BOSNIA'S division appeared a fait accompli yesterday as Lord Owen and his fellow mediator, Thorvald Stoltenberg, presided over talks on splitting the state into three ethnic units - a conclusion hailed by Serbs and Croats as a triumph but denounced by many Muslims as a betrayal.
Lord Owen, who believes a settlement should be reached as rapidly as possible, was believed to be pressing Serbian and Croatian leaders for territorial concessions to the Muslims. He was also said to be urging Bosnia's Muslim-dominated presidency to consider carefully what may be the Muslims' last chance for a negotiated peace and a state of their own.

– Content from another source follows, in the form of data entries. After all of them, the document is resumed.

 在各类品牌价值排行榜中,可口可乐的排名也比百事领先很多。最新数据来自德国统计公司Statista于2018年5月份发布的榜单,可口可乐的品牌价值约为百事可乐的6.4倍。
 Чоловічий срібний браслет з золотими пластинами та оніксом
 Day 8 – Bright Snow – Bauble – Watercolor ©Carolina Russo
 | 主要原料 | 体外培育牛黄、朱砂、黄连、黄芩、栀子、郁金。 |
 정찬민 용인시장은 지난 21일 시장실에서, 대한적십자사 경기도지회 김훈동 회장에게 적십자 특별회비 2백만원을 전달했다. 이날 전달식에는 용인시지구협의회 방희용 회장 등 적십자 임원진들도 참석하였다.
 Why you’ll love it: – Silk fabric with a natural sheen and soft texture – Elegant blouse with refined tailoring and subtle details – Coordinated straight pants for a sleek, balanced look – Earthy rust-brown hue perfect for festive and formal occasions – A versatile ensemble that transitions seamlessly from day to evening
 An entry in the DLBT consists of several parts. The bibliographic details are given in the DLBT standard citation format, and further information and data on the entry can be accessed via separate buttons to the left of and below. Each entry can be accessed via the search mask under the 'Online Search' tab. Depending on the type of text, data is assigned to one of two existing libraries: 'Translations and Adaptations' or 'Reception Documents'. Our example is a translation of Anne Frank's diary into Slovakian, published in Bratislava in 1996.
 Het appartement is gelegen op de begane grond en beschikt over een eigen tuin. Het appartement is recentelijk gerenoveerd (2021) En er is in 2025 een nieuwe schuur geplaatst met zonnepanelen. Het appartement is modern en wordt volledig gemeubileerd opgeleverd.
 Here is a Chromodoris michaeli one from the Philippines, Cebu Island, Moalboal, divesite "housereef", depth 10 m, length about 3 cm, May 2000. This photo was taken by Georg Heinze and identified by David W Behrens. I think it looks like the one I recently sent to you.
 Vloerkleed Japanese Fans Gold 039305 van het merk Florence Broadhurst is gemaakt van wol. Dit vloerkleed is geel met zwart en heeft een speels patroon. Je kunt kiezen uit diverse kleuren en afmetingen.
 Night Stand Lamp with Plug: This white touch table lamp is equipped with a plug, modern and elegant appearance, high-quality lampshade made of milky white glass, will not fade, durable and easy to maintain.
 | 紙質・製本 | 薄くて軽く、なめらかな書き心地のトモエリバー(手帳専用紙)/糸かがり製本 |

It became clear the Muslims are to be offered about a third of the territory of pre-war Bosnia within a loose confederation, governed by a central authority enjoying limited powers. 'It's not quite peace at any price but one can see that the more intransigent Muslims may view it that way,' said an official close to the negotiations.
Details of plans by President Slobodan Milosevic of Serbia and President Franjo Tudjman of Croatia to parcel out Bosnia's territory were presented to the mediators in a country villa not far from Geneva. The two outlined their terms for a constitutional settlement but said they wanted to negotiate with the Muslims over land.

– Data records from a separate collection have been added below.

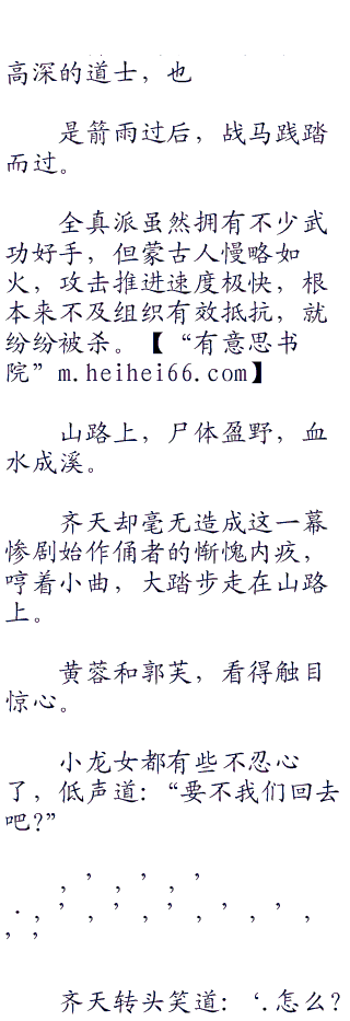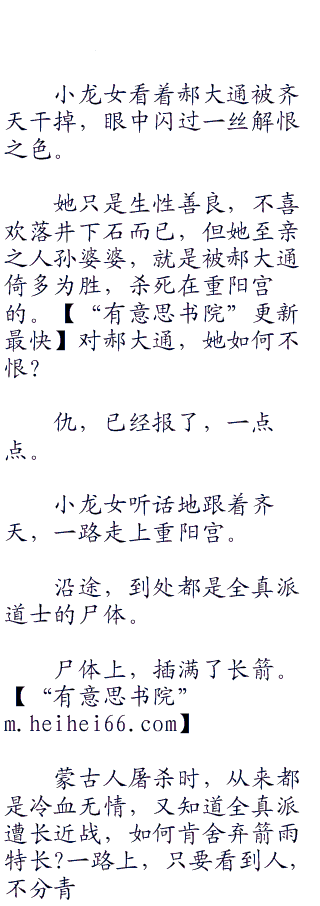神雕侠侣 第章 杀郝大通!激荡情怀!2更 蒙古骑士们速来杀人放火,动辄屠杀,做惯了这种残暴之事,既然上官发话,根本不问为何,只是齐声发吼,便木着脸冷冷杀了上去!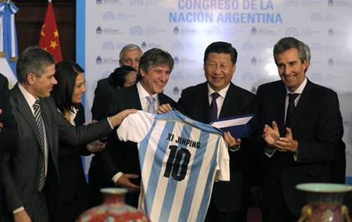 不难发现,体育已经成为习近平总书记外交中一个经常出现的主题。2014年出席中荷经贸合作论坛开幕式,习近平盛赞荷兰队是世界足球的“无冕之王”;出席中法建交50周年纪念大会,他又为刚刚成为中国男足主教练的法国人佩兰送上祝福;在德国,习近平与夫人彭丽媛一同看望了“留洋海外”的中国青少年足球运动员;在阿根廷,他收到了一件印着10号的阿根廷国家队队服,总书记还幽默地问道:“转会费多少?”;去年10月,习近平总书记访英期间参观曼彻斯特城市足球学院,并与英国首相卡梅伦、曼城球星阿圭罗共同拍摄了一张火爆全球的自拍照。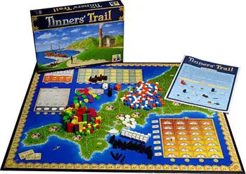 Example: In the first turn the total shown on the dice for tin is two. As it is the first turn one is added to this, making a total of three. A white cube is placed in the £4 box for tin.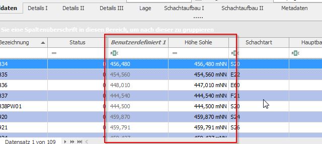 Die Geometrien der einzelnen Objekte liegen in separaten Tabellen. Die in den Stammdaten angegebenen Höhen-Werte sind somit getrennt von den Geometrie-Höhen in der Datenbank abgelegt. Um diese Werte zu vergleichen, kann die Geometrie-Höhe mit entsprechender Kennung in der Tabellen-Ansicht der Stammdaten eingefügt werden.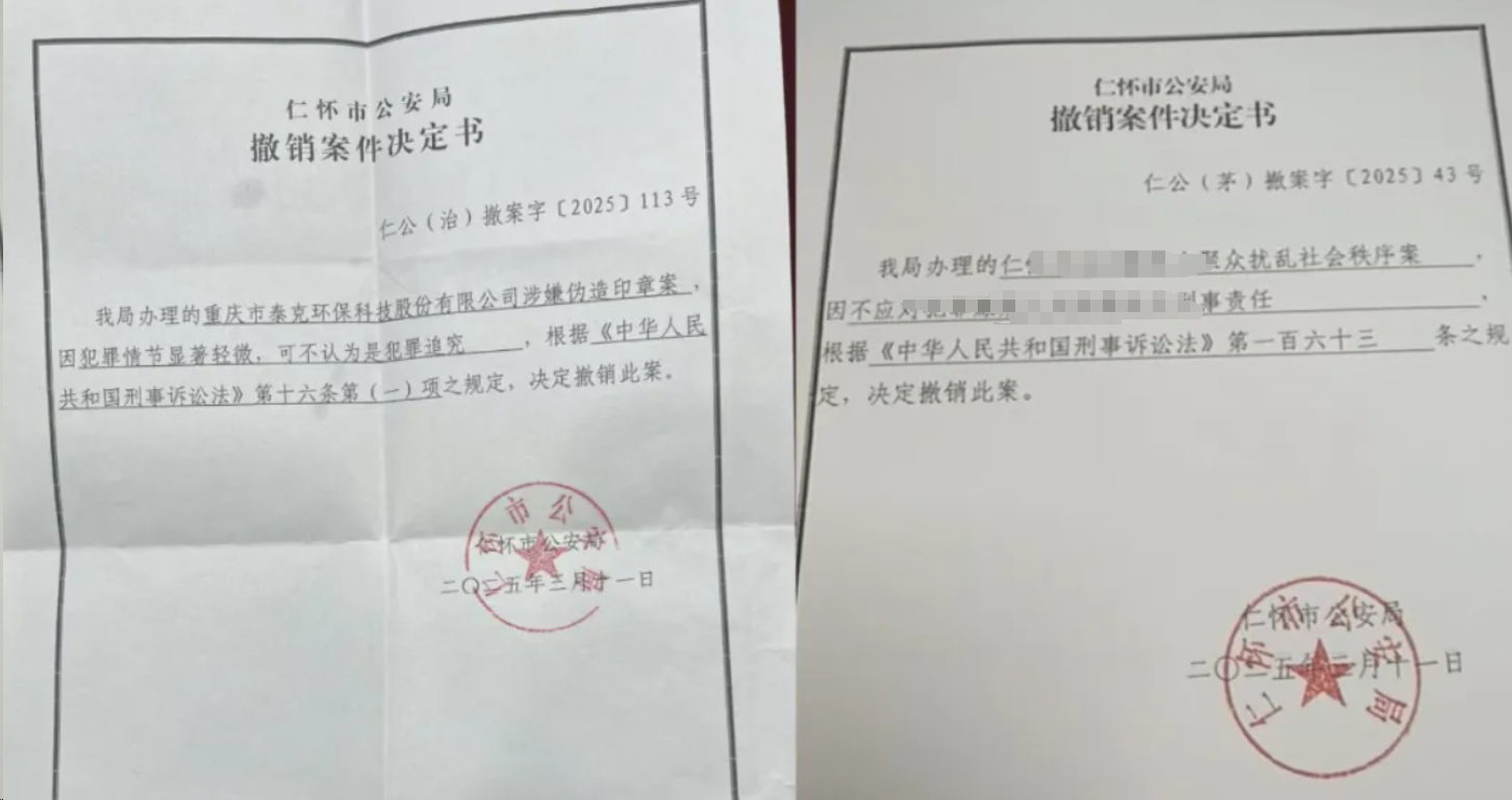 今年全国“两会”开幕前夕,笔者对该起“以刑抢劫”事件予以深度披露后,贵州省领导极为重视。2025年3月11日,仁怀警方同时撤销了重庆泰克“涉嫌伪造印章”案和泰克贵州子公司员工“涉嫌聚众扰乱社会秩序”案两起刑事案件。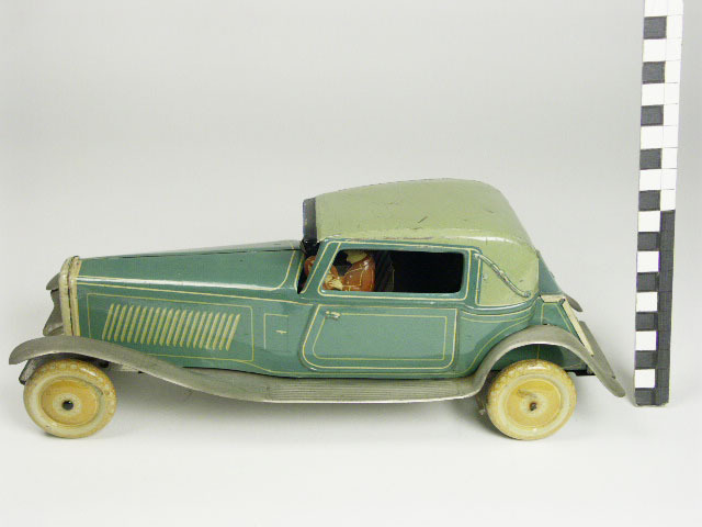 bedrukt blik; auto in lichtblauw-groen en wit; motorkap en carrosserie en kofferruimte lichtblauw; dak in groen en zwarte voorklep; spatborden (doorlopend), treeplanken en onderstel in blank metaal; motorkap-carrosserie-radiator wit gemarkeerd + groen; op voor en achterkant nummerbord HH 73577 in blauw op witte ondergrond; vooras verstelbaar in alle richtingen; spiraalveer met losse sleutel op achteras; ...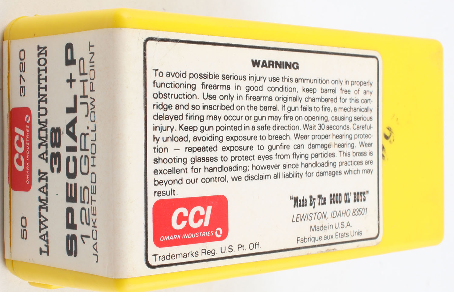 CCI, Lawman, .38 Special +P, 125 Grain JHP, Partial 45rds., 1pc. Yellow plastic box with multi-colored label, box is very solid, ammo is excellent. Grade: Excellent - Value: 10 to 40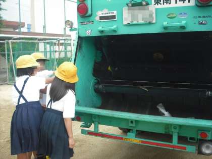 ごみの回収物によって、パッカー車から流れる音楽を変えていることや、普段見ることができないパッカー車の中をみせてもらったりしました。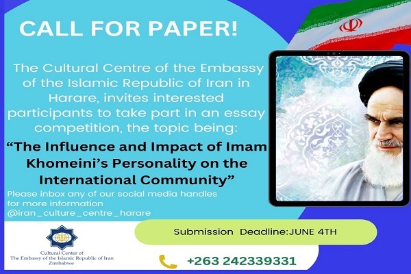 به گزارش ایکنا به نقل از سازمان فرهنگ و ارتباطات اسلامی، به منظور آشنایی هر چه بیشتر دانشآموزان و دانشجویان با امام راحل و شناسایی علاقهمندان به انقلاب اسلامی، مسابقه مقالهنویسی به همت رایزنی فرهنگی ایران در زیمبابوه برگزار میشود.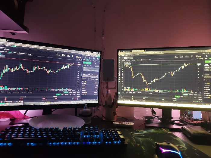 The image depicts a desk in a home office in Kfar Yona, Israel. Two computer monitors are displaying stock market charts. One monitor is on the left and one is on the right, with a keyboard and mouse in front. There is a pink fabric on the left side of the frame. There is a keyboard and mouse in the foreground. The background is a dimly lit room with pink walls. The desk is organized and clean. The monitors are displaying the charts of the day, with one showing a clear upward trend. The room is lit with a pink light coming from the walls, while a blue light is coming from the computer monitors.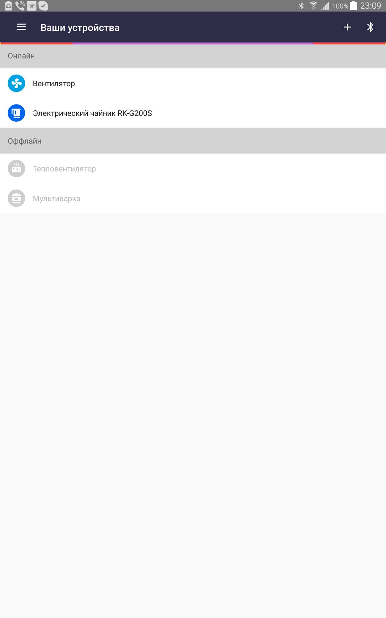 После процедуры «регистрации» (не будем описывать ее здесь, поскольку получится или очень длинно, или неполно — лучше прочтите инструкцию) чайник можно увидеть в общем списке в разделе «Онлайн».

'They've rather disappointed us by not coming out with anything very specific on the map,' said Lord Owen. 'But maybe that's a good idea because some of the things we heard we didn't like.'
The mediators then brought the two presidents together with a delegation from the Bosnian presidency, now bitterly divided over strategy and war aims. President Alija Izetbegovic and his deputy, Ejup Ganic, stayed away, agreeing to dispatch seven members of the presidency with a mandate only to 'listen to suggestions' and with no authority to negotiate or to sign agreements.
However, it was clear yesterday that the delegation stood apart from President Izetbegovic's do-or-die rhetoric and was conducting substantive discussions. It was led officially by Franjo Boras, a Croat, but its most influential member was thought to be Fikret Abdic, a businessman from Bihac. He and other presidency members have long favoured a negotiated end to the war and opposed President Izetbegovic's personal diplomacy.
Lord Owen and his advisers sensed that division and moved to exploit it in the past week, prompting bitter talk of betrayal and of an Owen-sanctioned plot to dethrone the President.
Mr Abdic has been accused of close links with the Croatian regime and even of acting as its agent. But sources close to the mediators insist that after the admitted collapse of the Vance- Owen plan there remained little choice but to negotiate an end to hostilities and to try to secure the maximum territory and guarantees.
Chancellor Helmut Kohl's last- minute attempt to persuade EC leaders to lift the Muslim arms embargo was criticised by diplomats for raising false hopes for the Muslims.
Lord Owen and Mr Stoltenberg dined with the presidency delegation last night to reinforce that message.